Brugherio in vista, quale può essere il rischio?
“Di sedersi e specchiarsi su domenica scorsa, ma sono certa che non accadrà perché vedo tutte le ragazze concentrate e vogliose di dare il massimo. Conosciamo i nostri punti deboli, sappiamo di non dover commettere gli errori dello scorso anno: spesso ci è mancata la testa, a me in primis, ma questa stagione sarà diversa. Il mister ci continua a dire che pensiamo troppo, ed è vero: stiamo migliorando nella gestione delle emozioni sia quando le cose vanno bene sia quando vanno male, perché l’eccesso, da una parte o dall’altra, non porta mai a nulla di buono. Personalmente ho lavorato molto su me stessa a livello mentale e mi sento più forte”.
Il tuo obiettivo personale?
“Fare bene può sembrare una risposta banale, ma è la più veritiera che io possa dare. Voglio migliorare l’approccio alle partite, e qui mi ricollego al discorso mentale: non mi sono rivolta a mental coach, ma ho letto libri di calciatori e calciatrici che hanno compiuto questo percorso.

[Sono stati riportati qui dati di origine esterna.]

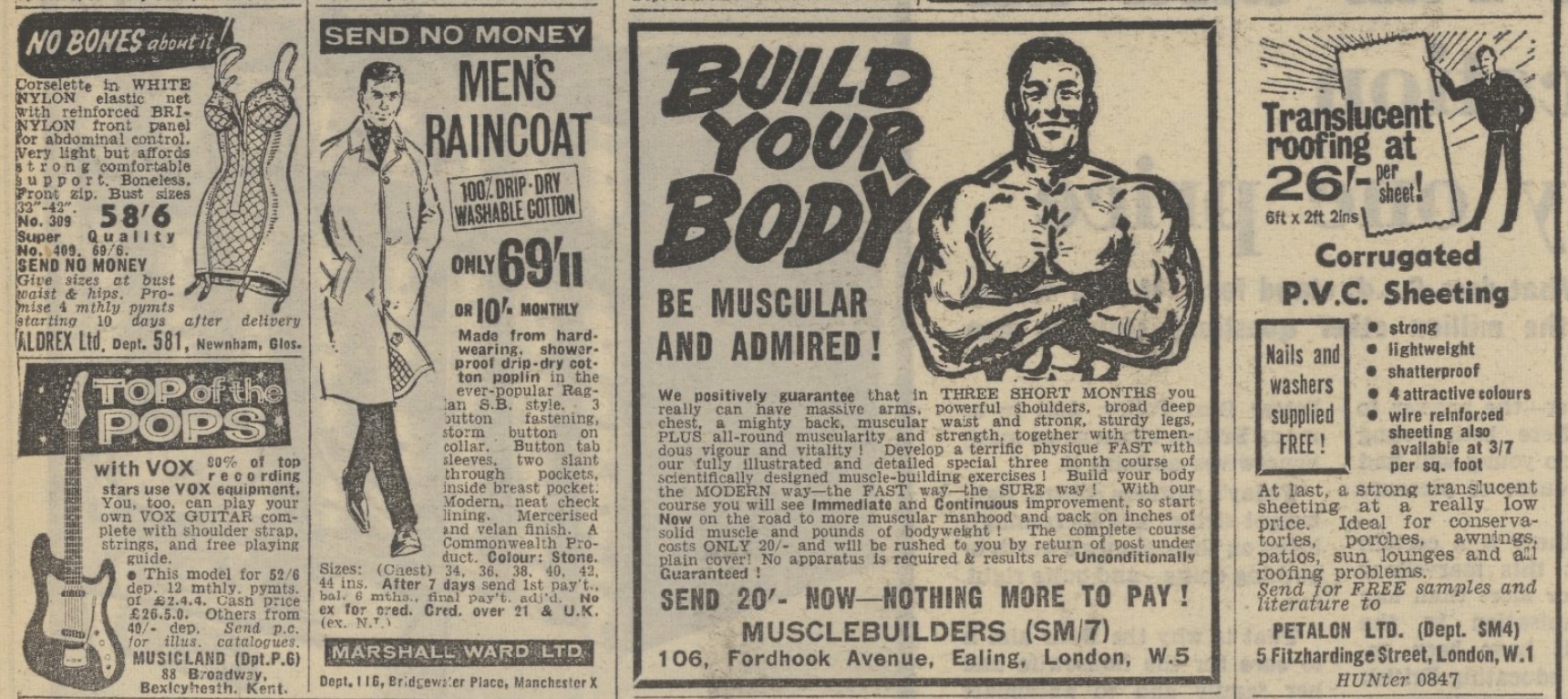 Personal Advertisement: Ladies and Gentlemen’s Wigs. For transformations, toupees and scalpettes, contact the Midland Hair Manufacturing Co, Ltd, Nottingham.
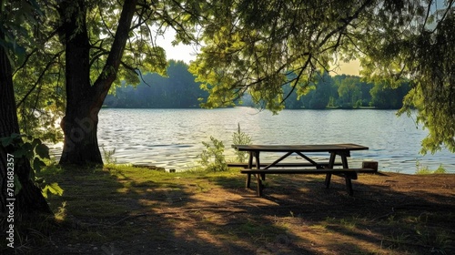 © The 2R Artificiality, Obraz premium Picnic table by lake shore
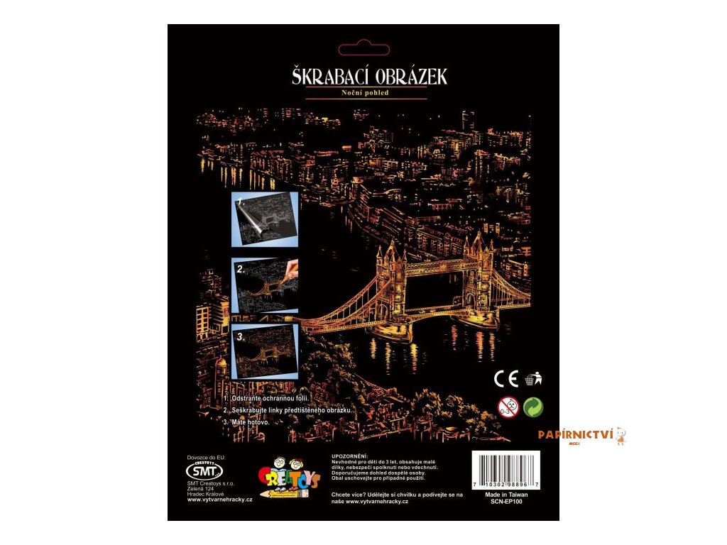 Škrabací obrázek zlatý 20 x 25 cm Sada obsahuje obrázek natištěný na černém kartonu a umělohmotné škrabací pero s kovovým hrotem. Seškrabte linky předtištěného obrázku. Vhodné pro děti od 6 let.
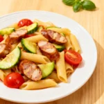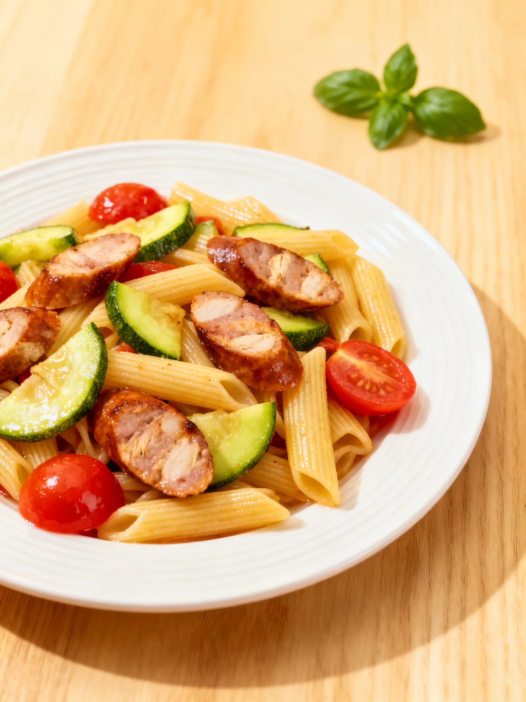 Context: This streamlined Chicken Sausages Zucchini Tomatoes Pasta is about 25% faster than traditional recipes that cook components separately. The concurrent cooking method—boiling pasta while sautéing the vegetables and sausage—makes it a perfect, efficient choice for busy weeknights.
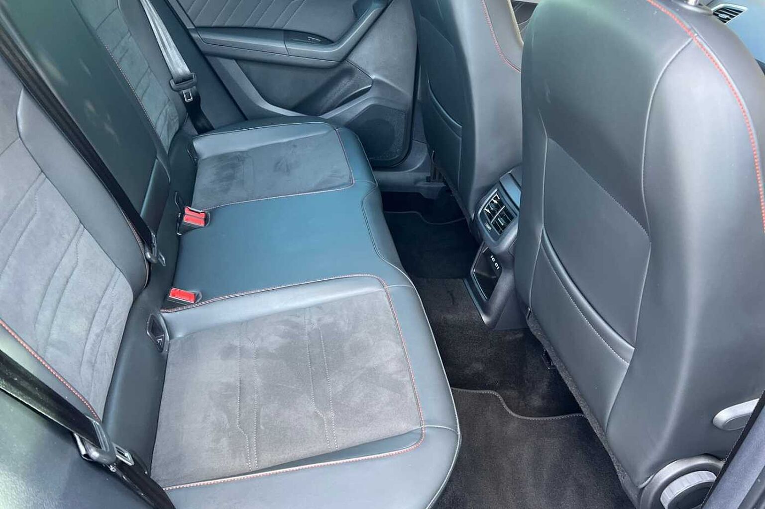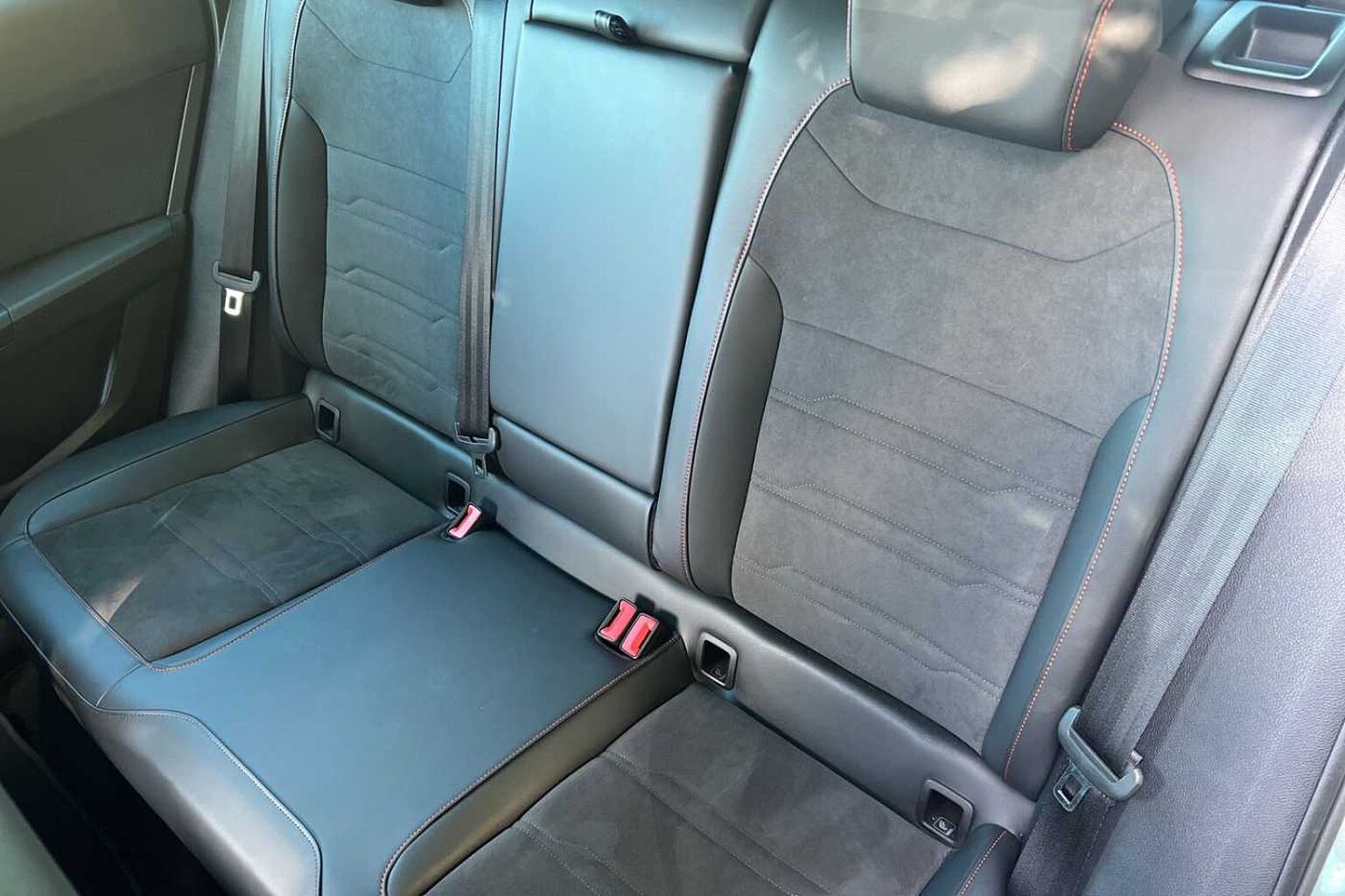 - Microsuede cloth - Black with red stitching and front comfort seats
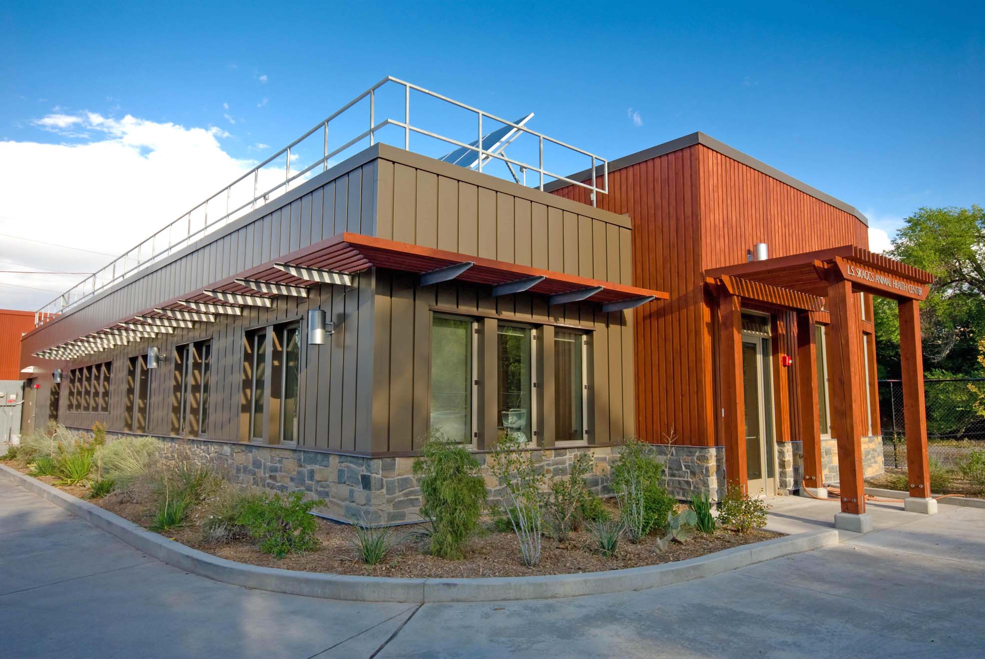The Animal Health Center is LEED Gold Certified. Key features of the design include a rooftop photovoltaic array which provides over 20% of the building’s energy needs, daylighting strategies to enhance occupant comfort and reduce energy use, and the use of sustainable materials throughout the building.
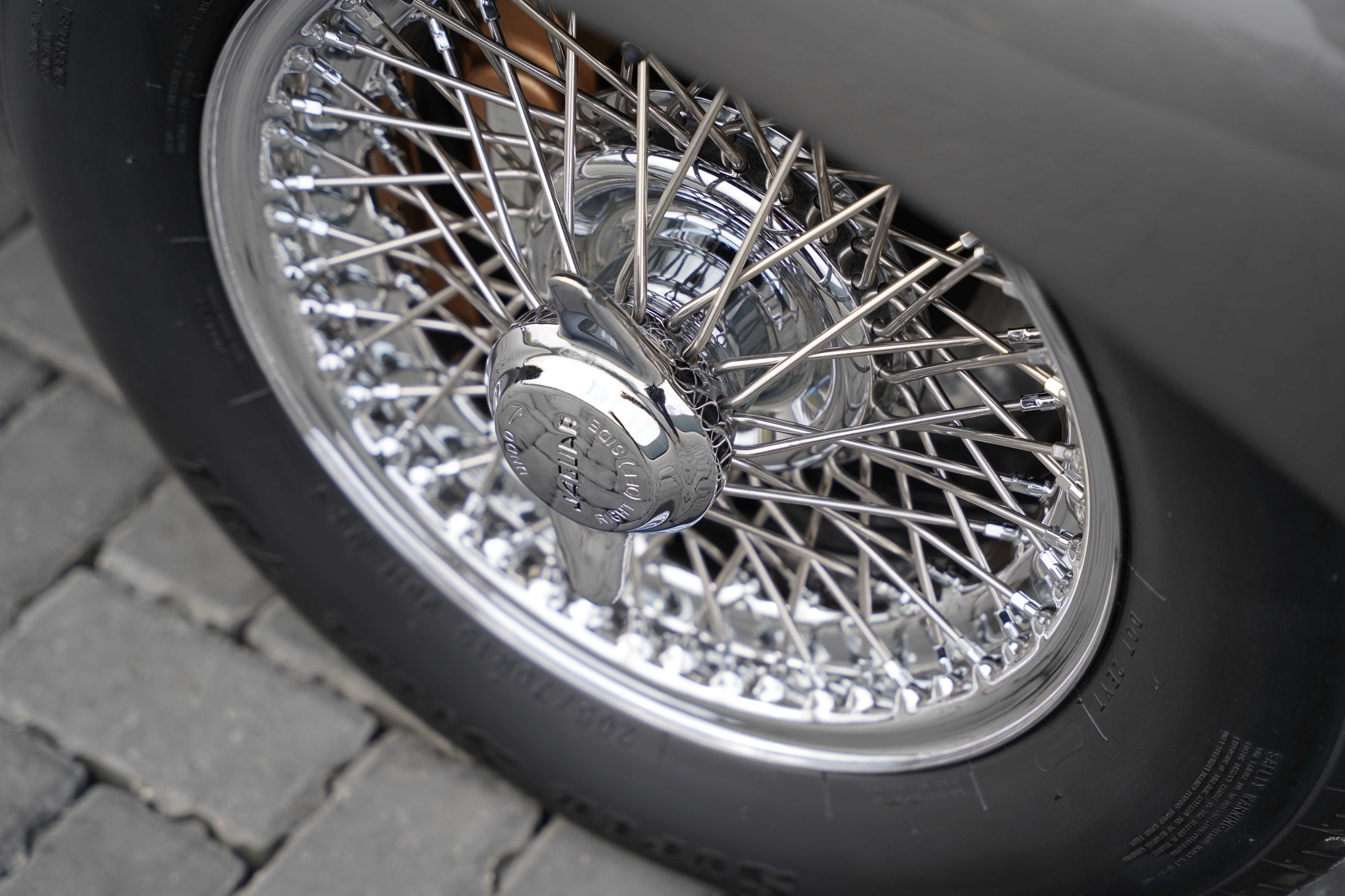 Designed by Malcolm Sayer, its aerodynamic shape features a long bonnet, glass-covered headlights, and a sleek fastback roofline. The interior combines classic British sports car aesthetics with luxurious touches, including leather scallop bucket seats and a wooden-rimmed steering wheel.
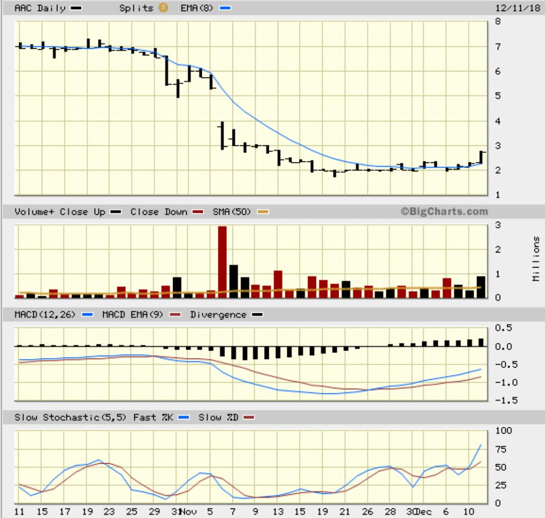 AAC  #2-  That doesn’t mean that it has gone bad.  This fell to the 8 ema on 1/2 of yesterdays volume, and I still like it. I am going to watch it Thursday, and maybe take a position.   It is risky,  but $2.50 to $6 looks pretty attainable if this runs to the gap.
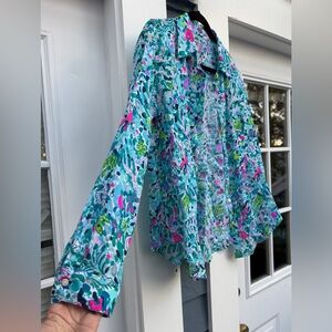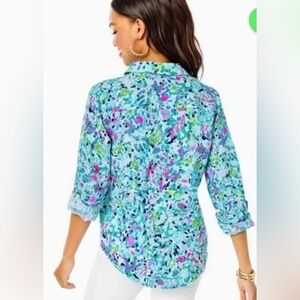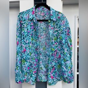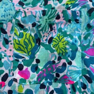 Lilly Pulitzer Sea View Linen Button Down Top In Multi Dive Bar, Size M
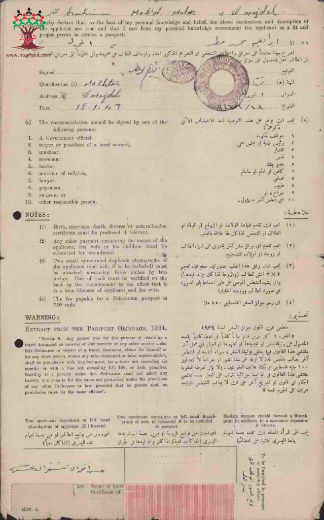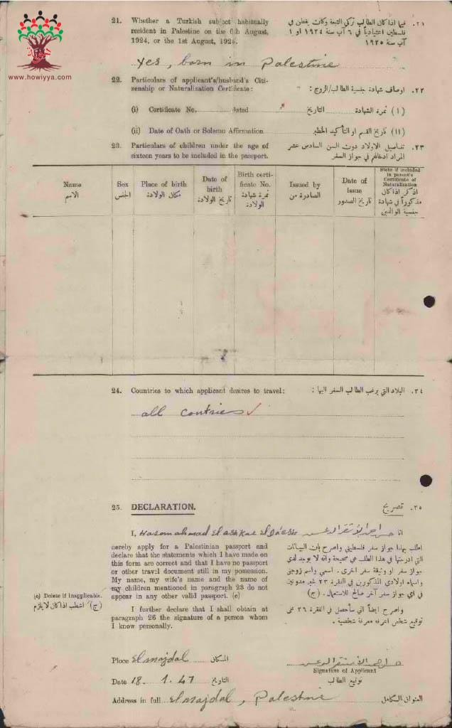طلب جواز سفر فلسطيني - حسن أحمد الأشقر الدعش - المجدل
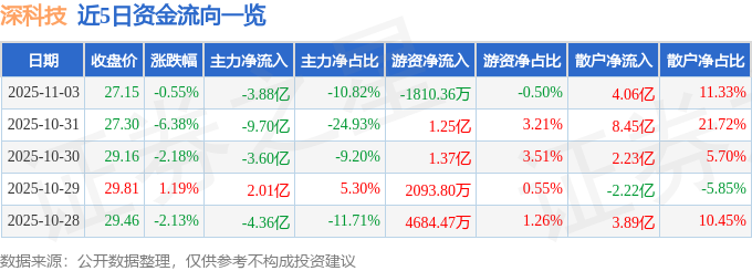 证券之星消息,截至2025年11月3日收盘,深科技(000021)报收于27.15元,下跌0.55%,换手率8.62%,成交量135.5万手,成交额35.88亿元。
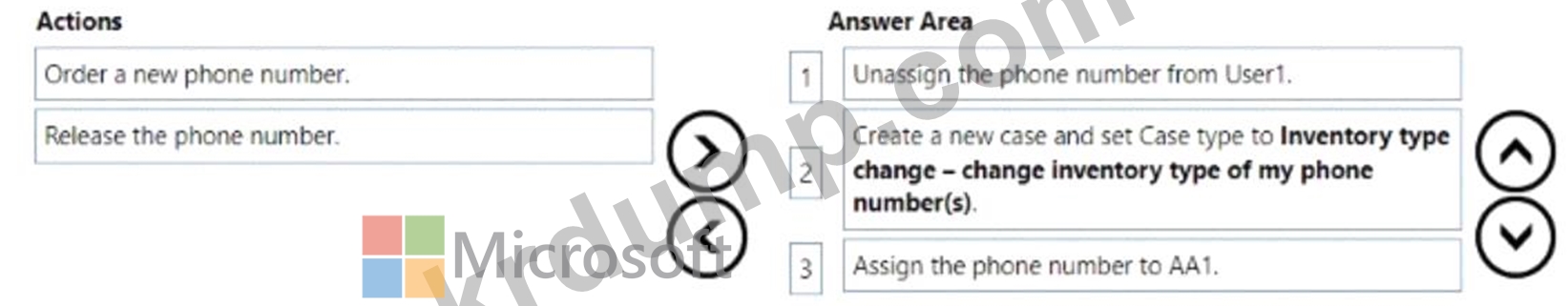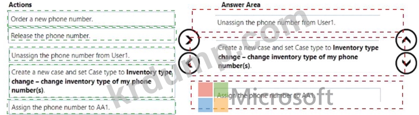 Microsoft Teams 관리 센터에서 어떤 세 가지 작업을 순서대로 수행해야 할까요? 답변하려면 작업 목록에서 해당 작업을 답변 영역으로 옮기고 올바른 순서대로 정렬하세요.
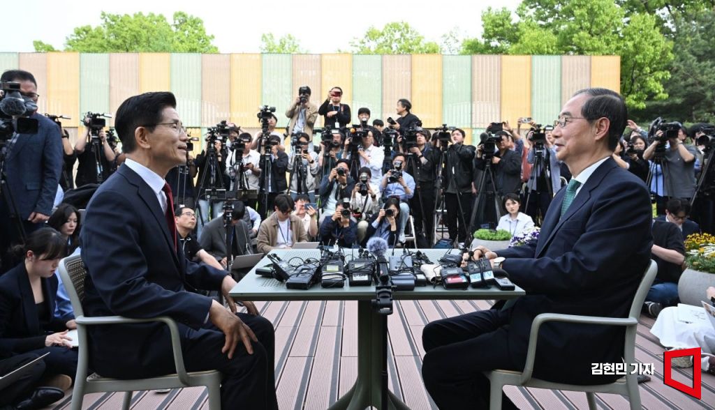 김문수 국민의힘 대선 후보와 한덕수 무소속 대선 예비후보가 8일 국회 강변서재에서 후보 단일화 관련 회동을 하고 있다.

Letture che mi hanno aiutato a riflettere e fortificare la mia mentalità”.
Prestissimo per trarre conclusioni, ma come vedi ad oggi il campionato? E dove si può collocare il Varese?
“Al momento è davvero indecifrabile perché conosco tante squadre che si sono rinforzate bene, ma molte altre sono nuove e vanno scoperte. Noi forse abbiamo una rosa corta, ma ci sono parecchie giocatrici che arrivano dal settore giovanile e che sono già pronte per un palcoscenico come l’Eccellenza: lo dimostra chi è entrato domenica e, come loro, ci sono tante altre ragazze grintose, tecniche e vogliose di dare tutto indossando la maglia biancorossa, una maglia che ti gasa e ti dà quello sprint in più. Il mio sogno più grande è vincere il campionato con il Varese e sono certa che prima o poi ce la faremo. L’ambizione serve per andare avanti, io vorrei provarci già da quest’anno e positiva: fra le prime tre possiamo starci”.
Passione biancorossa che si percepisce in maniera davvero forte: da dove nasce?
“Nasce da sempre, da quando giocavo a calcio con mio fratello e i miei amici. In famiglia siamo tutti juventini, ma io sono sempre stata quella più sfegatata e andando a vedere anche il Varese allo stadio non potevo non innamorarmene. Ho sempre voluto diventare calciatrice e ho iniziato a 11 anni alla Femminile Varese del presidente Gianluigi Dorizzi, una persona davvero speciale: ha sempre creduto in me, tutt’ora quando può viene a vedermi giocare, e me lo porterò sempre nel cuore. Il Varese forse era un po’ nel mio destino: dopo sette anni lì sono passata al Ceresium Bisustum e alla fine eccomi qui, in biancorosso, con la maglia più bella che ci sia. Anche solo per la mia passione sento l’obbligo di fare il meglio possibile, ed è proprio ciò che voglio fare”.